Катя вдруг задумалась в Петербурге, найдя его записку.
Грибоед на арбе, между двумя мешками соломы, медленно и терпеливо ехал к Тифлису.
Волы величаво поднимались в гору. Позади, на высоком берегу, была крепость Гергеры, голая, как гора. Впереди — мост, похожий на флейту Пана, быстрая речка играла. Грибоед между двумя мешками приближался к мосту.
Верховой в картузе и черной бурке только что переехал мост. Он быстро спускался по отлогой дороге. Поравнявшись стахтреваном, он кивнул на ходу проезжающим и быстро спросил по-русски:
— Откуда вы?
Аветис Кузинян покивал ему головой и ответил неохотно:
— Из Тегерана.
— Что везете? — спросил человек, уже проезжая, и взглядом путешественника посмотрел на мешки и ящик.
— Грибоеда, — кивнул ему равнодушно Аветис. Лошадь быстро несла человека под гору и вдруг затанцевала, остановилась. Человек натянул поводья.
Он всматривался в тахтреван. Волы помахивали хвостами, и виден был передний мешок и двое армян, сидевших сзади. Пушкин снял картуз.
Смерти не было. Был простой дощатый гроб, который он принял за ящик с плодами.
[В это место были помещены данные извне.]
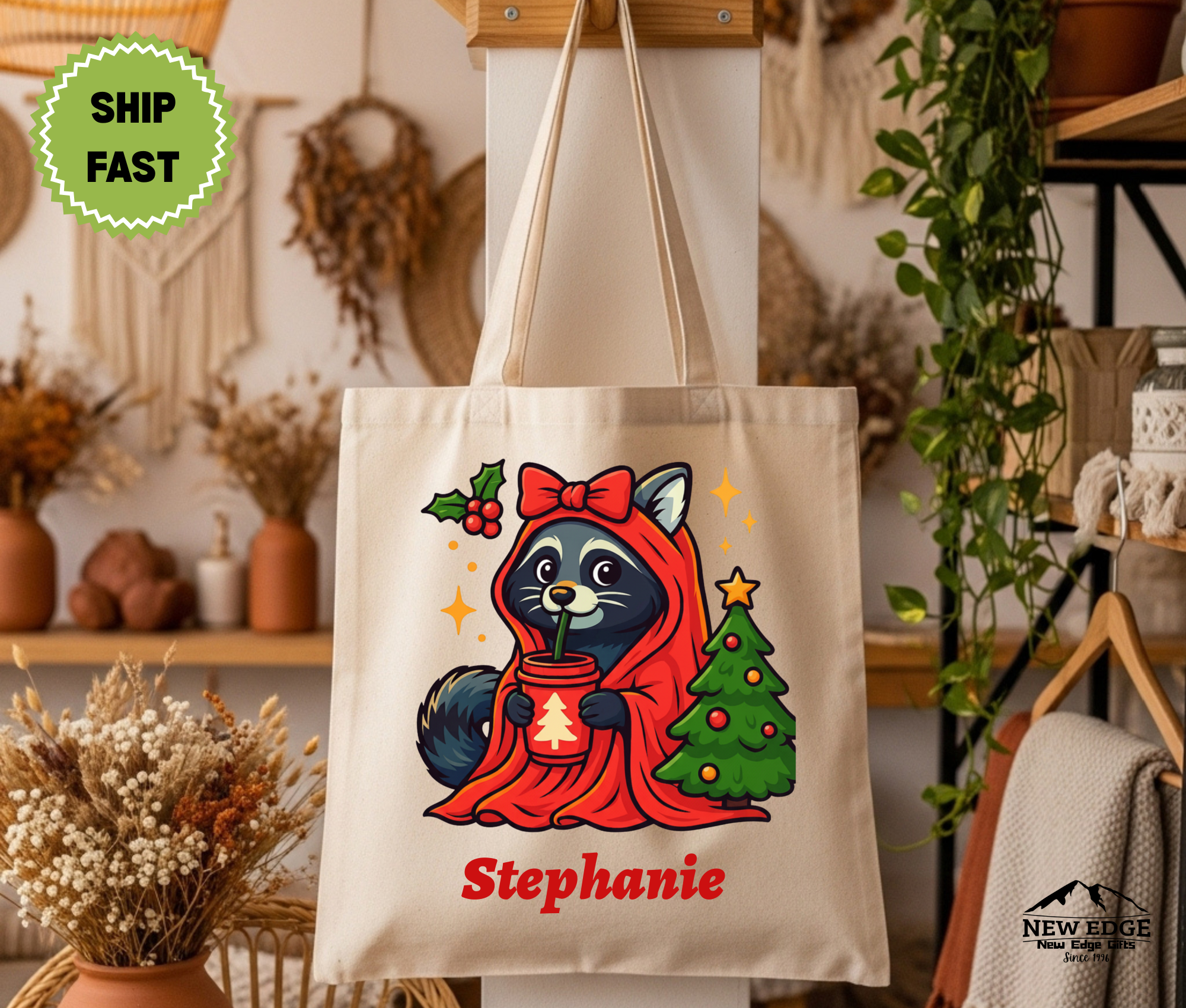 from $19.54 USDPersonalized Christmas Tote Bag – Cute Raccoon in Orange Hooded Robe with Bow by Christmas Tree, Cotton Canvas Shopping Bag
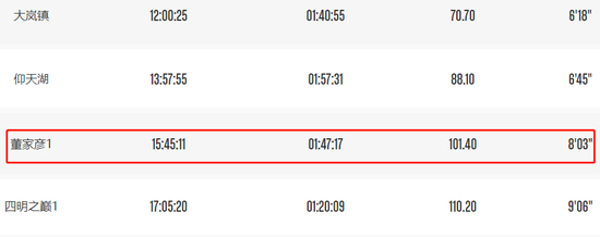 之后从CP赤水翻身到CP大岚镇、再到CP仰天湖的赛道,他的配速虽然有所下降但也未跌入7分速度。

Волы удалялись мерно и медленно. Он поехал, удерживая коня.
Были ощутительны границы опаленной Грузии и свежей Армении. Становилось прохладнее.
Лиловые вымена впереди были холмами, дорога — пустой строкой черновика.
Река хрипела позади.
«Жизнь его была затемнена некоторыми облаками».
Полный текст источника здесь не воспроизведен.